Stored records:
——
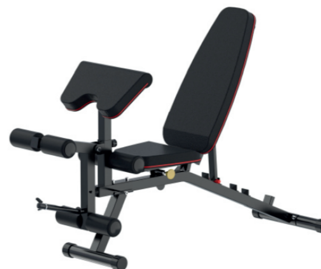
WT-B10 多功能小飞鸟 Adjustable Dumbbell Bench

占地面积 / Dimension: 1580×630×740mm 毛重 / 净重 G.W/N.W: 14kg/12kg
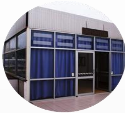
Biblioteca de Ciencias Velásquez
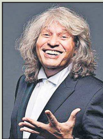
José Mercé Cantaor

Academias de la Lengua Española, vicepresidente de la Fundación pro Real Academia Española y consejero nato de Estado. En 2019 fue presidente del Instituto de España.
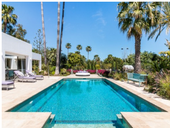
Villa magnífica con gran jardín en Estepona
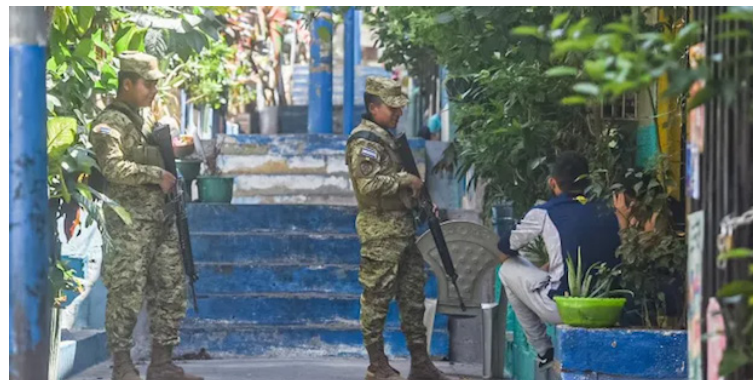
Efectivos militares brindan seguridad ciudadana, trabajo de la Policía Nacional Civil.

“Si bien son innegables los cambios y los resultados que se han obtenido en cuanto a la reducción de homicidios y la percepción generalizada de un cambio en la seguridad ciudadana, al final, esto se ha convertido en el punto más importante de campaña de este gobierno y es una herramienta de promoción, cómo también para amena-
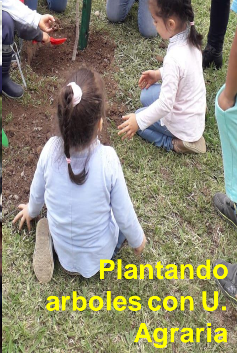
Plantando arboles con U. Agraria
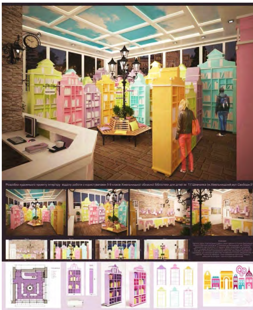
Рис. 7. Дизайн-проект бібліотеки: образно-концептуальне рішення «Старе місто» (м. Хмельницький). Автор дизайн-проекту: Лучкова Р.

ного підходу у формуванні інтер'єру сучасної бібліотеки.
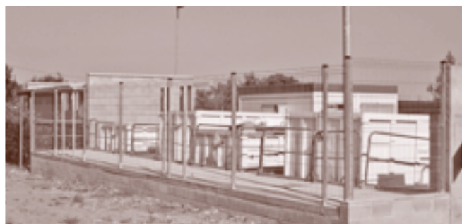
Properament s'ampliaran les instal·lacions de la deixalleria
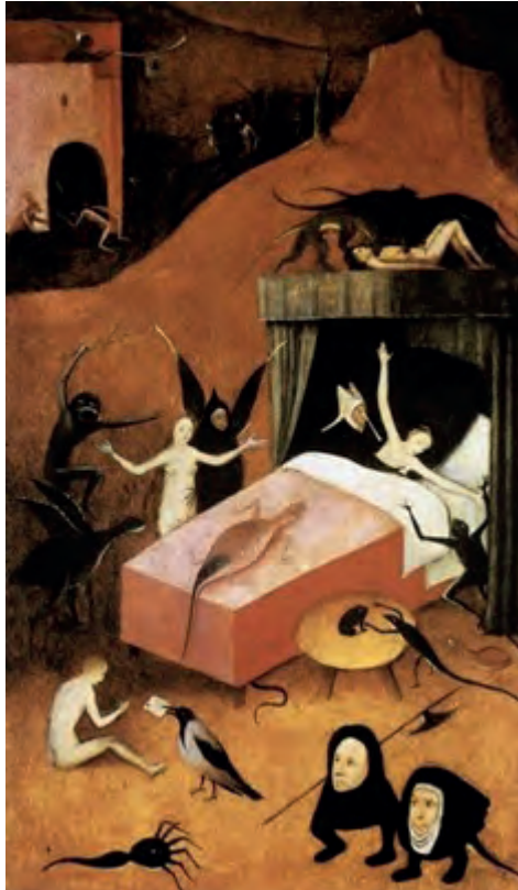
Jeroen Bosch, detail uit 'Het laatste oordeel'

Prediker, die oude brombeer, is met deze uitspraak aan de ene kant ontstellend relativerend, aan de andere kant staat hij niet voor niets bekend als de bijbelse sombermans-bij-uitstek. Want vrolijk worden we er niet van, van deze complottheorieën.
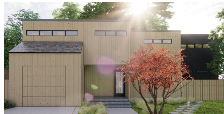
Proposition d'agrandissement avec un parement d'aluminium noir

Cette résidence est présentement revêtue de 2 matériaux; du bois de couleur beige et du métal peint de couleur noire (en cour arrière). La dérogation mineure vise une meilleure intégration avec le bâtiment existant en utilisant des lattes d'aluminium extrudées noires verticales. L'utilisation du bois a d'abord été envisagée, mais cela ne permettait pas de respecter les normes de matériaux incombustibles exigés par le Code de construction du Québec.
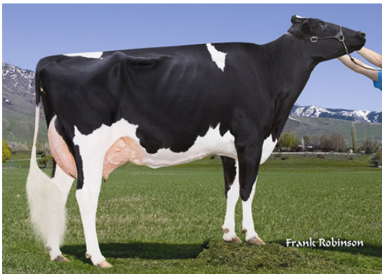
T-C-G SHOTTLE MINNOW FOURTH DAM
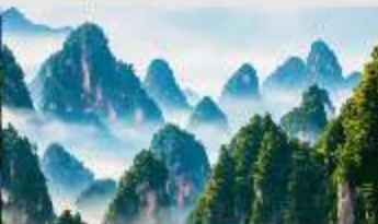
เขาวงตาร

*ทางบริษัทฯ ขอสงวนสิทธิ์ในการสลับโปรแกรมทัวร์ตามความเหมาะสมขึ้นอยู่กับสถานการณ์ปัจจุบัน โดยทำมิ้งถึงผลประโยชน์ของลูกค้าเป็นสำคัญ
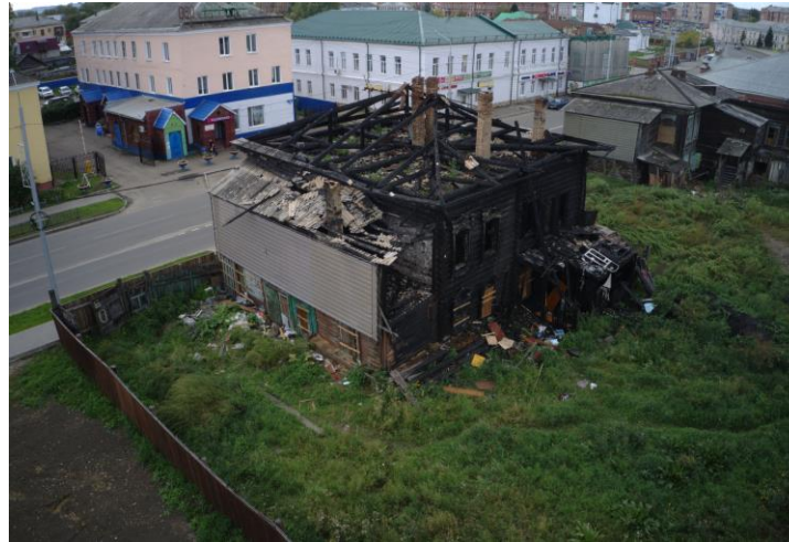
«Дом жилой (дерево)», конец XIX в.
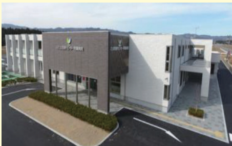
ふたば医療センター附属病院
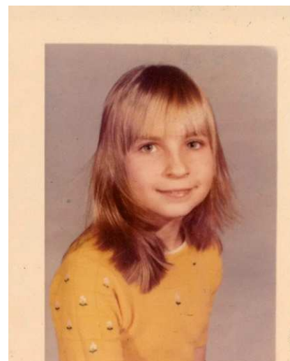
La fillette à l'âge de 12 ans
——
_WHAT YOU WILL DO_
The expected answer is a copy of every line in the entries that holds the word "бібліотеки".

_WRITTEN REPLY_
Рис. 7. Дизайн-проект бібліотеки: образно-концептуальне рішення «Старе місто» (м. Хмельницький). Автор дизайн-проекту: Лучкова Р.
ного підходу у формуванні інтер'єру сучасної бібліотеки.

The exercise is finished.